Untitled

library(readr)
library(stats)
library(ggplot2)
library(tidyverse)

## ── Attaching core tidyverse packages ──────────────────────── tidyverse 2.0.0 ──
## ✔ dplyr     1.1.2     ✔ stringr   1.5.0
## ✔ forcats   1.0.0     ✔ tibble    3.2.1
## ✔ lubridate 1.9.2     ✔ tidyr     1.3.0
## ✔ purrr     1.0.2     
## ── Conflicts ────────────────────────────────────────── tidyverse_conflicts() ──
## ✖ dplyr::filter() masks stats::filter()
## ✖ dplyr::lag()    masks stats::lag()
## ℹ Use the conflicted package (<http://conflicted.r-lib.org/>) to force all conflicts to become errors

library(dplyr)
library(glmnet)

## Loading required package: Matrix
## 
## Attaching package: 'Matrix'
## 
## The following objects are masked from 'package:tidyr':
## 
##     expand, pack, unpack
## 
## Loaded glmnet 4.1-8

my_data <- read_delim("C:/Users/user/Documents/Statistics/Telangana_2018_complete_weather_data.csv",delim=",")

## Rows: 230384 Columns: 10
## ── Column specification ────────────────────────────────────────────────────────
## Delimiter: ","
## chr (4): District, Mandal, Location,  Date
## dbl (6): row_id, temp_min, temp_max, humidity_min, humidity_max, wind_speed
## 
## ℹ Use `spec()` to retrieve the full column specification for this data.
## ℹ Specify the column types or set `show_col_types = FALSE` to quiet this message.
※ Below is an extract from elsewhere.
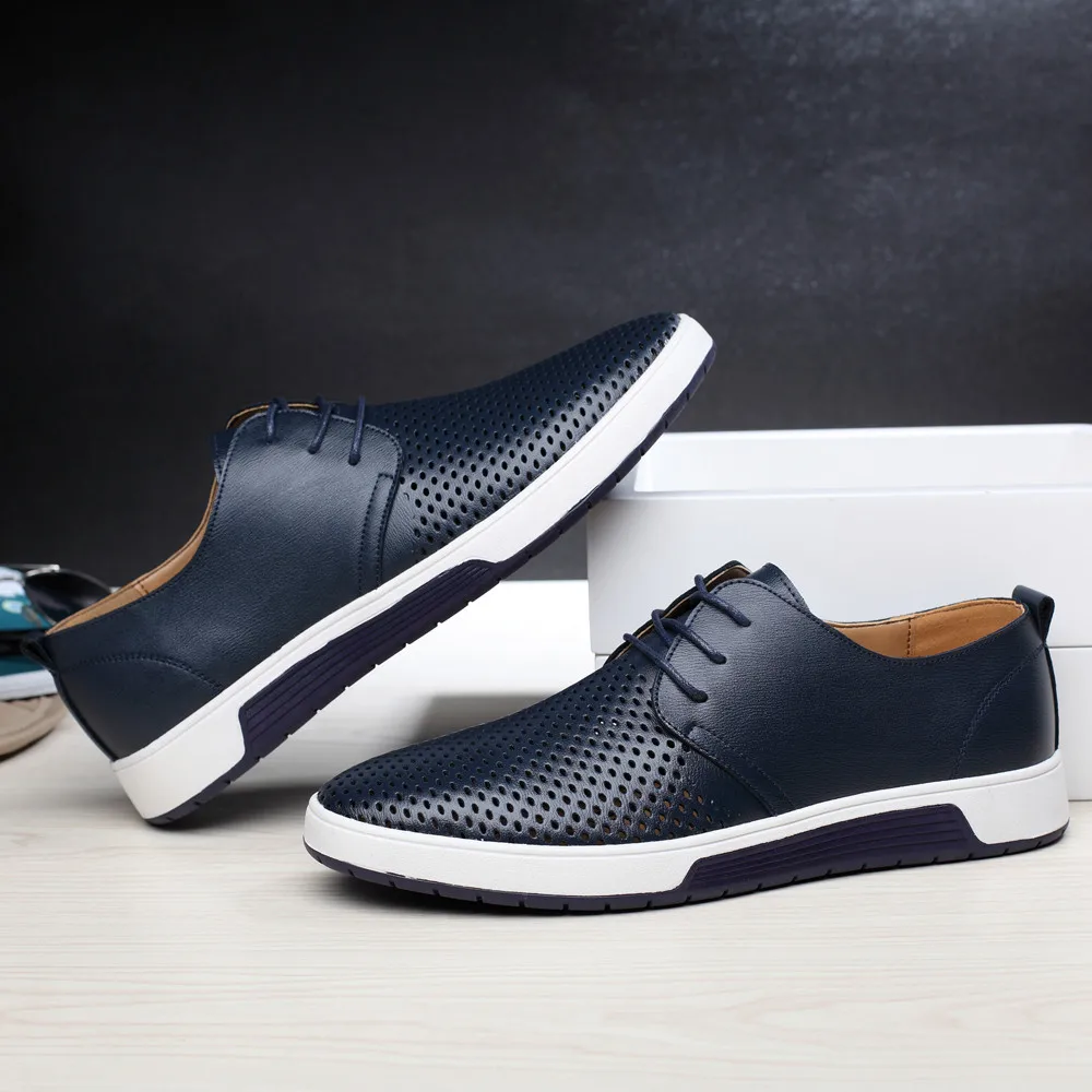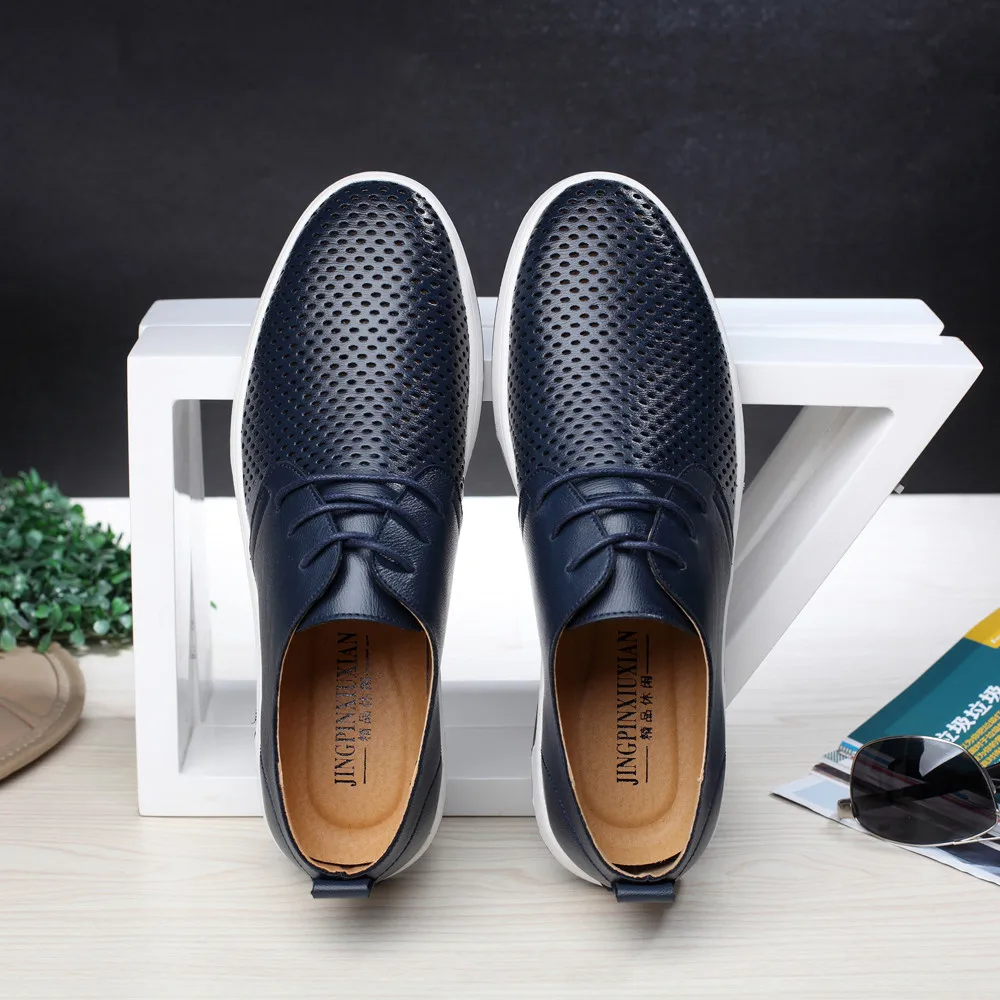 Летняя Стильная мужская летняя дышащая деловая обувь для отдыха; Однотонная кожаная обувь

Select an interesting binary column of data, or one which can be reasonably converted into a binary variable

I created a new column “humid_average” by doing average of “humidity_min” and “humidity_max”

my_new_data<- my_data %>%
  mutate(humid_average = (humidity_min + humidity_max) / 2)

converting “humid_average” column into a binary column”humid_day”

my_new_data$humid_day <- ifelse(my_new_data$humid_average > 61.20, 1, 0)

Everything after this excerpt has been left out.